- [Problem description]: Reproduce the lines below verbatim. Pictures are to be omitted.

Task inputs Block Start

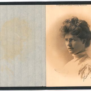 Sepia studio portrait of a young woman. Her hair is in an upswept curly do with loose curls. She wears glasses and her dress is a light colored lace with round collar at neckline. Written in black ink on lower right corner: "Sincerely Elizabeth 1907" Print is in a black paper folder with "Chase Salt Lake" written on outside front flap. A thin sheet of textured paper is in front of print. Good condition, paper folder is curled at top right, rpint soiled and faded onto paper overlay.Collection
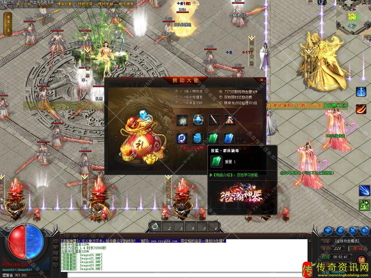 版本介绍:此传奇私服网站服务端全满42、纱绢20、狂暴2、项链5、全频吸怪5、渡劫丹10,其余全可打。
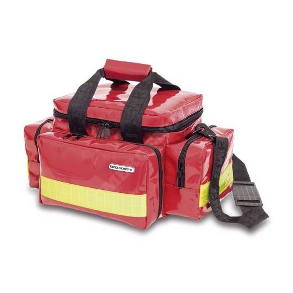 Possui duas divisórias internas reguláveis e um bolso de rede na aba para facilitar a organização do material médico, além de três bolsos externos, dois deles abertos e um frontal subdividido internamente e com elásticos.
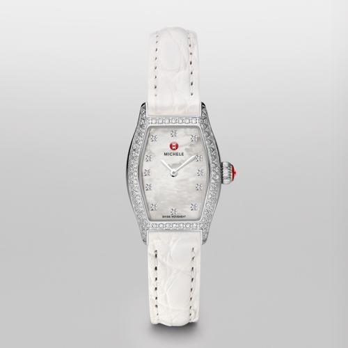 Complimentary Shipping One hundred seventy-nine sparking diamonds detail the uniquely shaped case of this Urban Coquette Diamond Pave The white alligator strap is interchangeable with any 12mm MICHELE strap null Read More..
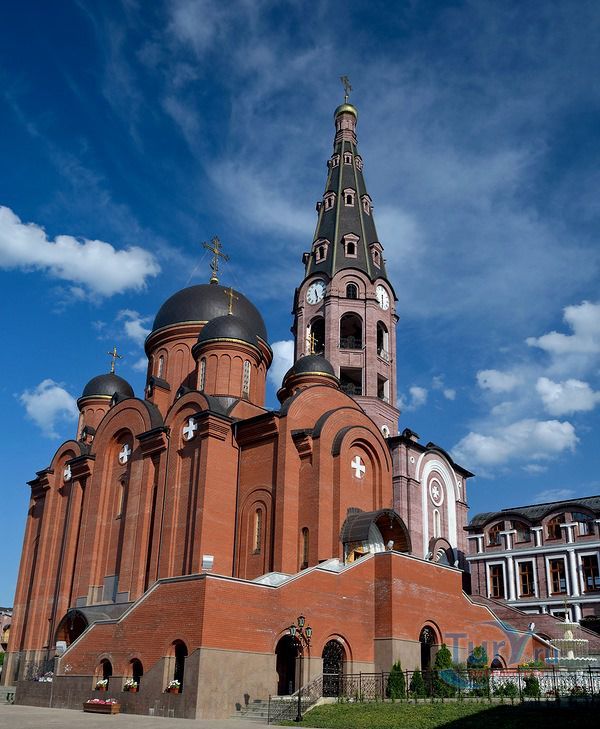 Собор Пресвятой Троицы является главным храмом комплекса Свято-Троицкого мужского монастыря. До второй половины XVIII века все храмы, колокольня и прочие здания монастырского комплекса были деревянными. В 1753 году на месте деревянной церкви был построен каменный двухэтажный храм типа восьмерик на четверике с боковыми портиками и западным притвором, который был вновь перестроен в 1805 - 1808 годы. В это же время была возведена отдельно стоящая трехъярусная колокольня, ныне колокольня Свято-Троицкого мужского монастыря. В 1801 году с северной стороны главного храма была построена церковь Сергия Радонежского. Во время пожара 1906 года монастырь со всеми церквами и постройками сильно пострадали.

Task inputs Block End

- [Exercise solution]:
 Sepia studio portrait of a young woman. Her hair is in an upswept curly do with loose curls. She wears glasses and her dress is a light colored lace with round collar at neckline. Written in black ink on lower right corner: "Sincerely Elizabeth 1907" Print is in a black paper folder with "Chase Salt Lake" written on outside front flap. A thin sheet of textured paper is in front of print. Good condition, paper folder is curled at top right, rpint soiled and faded onto paper overlay.Collection
 版本介绍:此传奇私服网站服务端全满42、纱绢20、狂暴2、项链5、全频吸怪5、渡劫丹10,其余全可打。
 Possui duas divisórias internas reguláveis e um bolso de rede na aba para facilitar a organização do material médico, além de três bolsos externos, dois deles abertos e um frontal subdividido internamente e com elásticos.
 Complimentary Shipping One hundred seventy-nine sparking diamonds detail the uniquely shaped case of this Urban Coquette Diamond Pave The white alligator strap is interchangeable with any 12mm MICHELE strap null Read More..
 Собор Пресвятой Троицы является главным храмом комплекса Свято-Троицкого мужского монастыря. До второй половины XVIII века все храмы, колокольня и прочие здания монастырского комплекса были деревянными. В 1753 году на месте деревянной церкви был построен каменный двухэтажный храм типа восьмерик на четверике с боковыми портиками и западным притвором, который был вновь перестроен в 1805 - 1808 годы. В это же время была возведена отдельно стоящая трехъярусная колокольня, ныне колокольня Свято-Троицкого мужского монастыря. В 1801 году с северной стороны главного храма была построена церковь Сергия Радонежского. Во время пожара 1906 года монастырь со всеми церквами и постройками сильно пострадали.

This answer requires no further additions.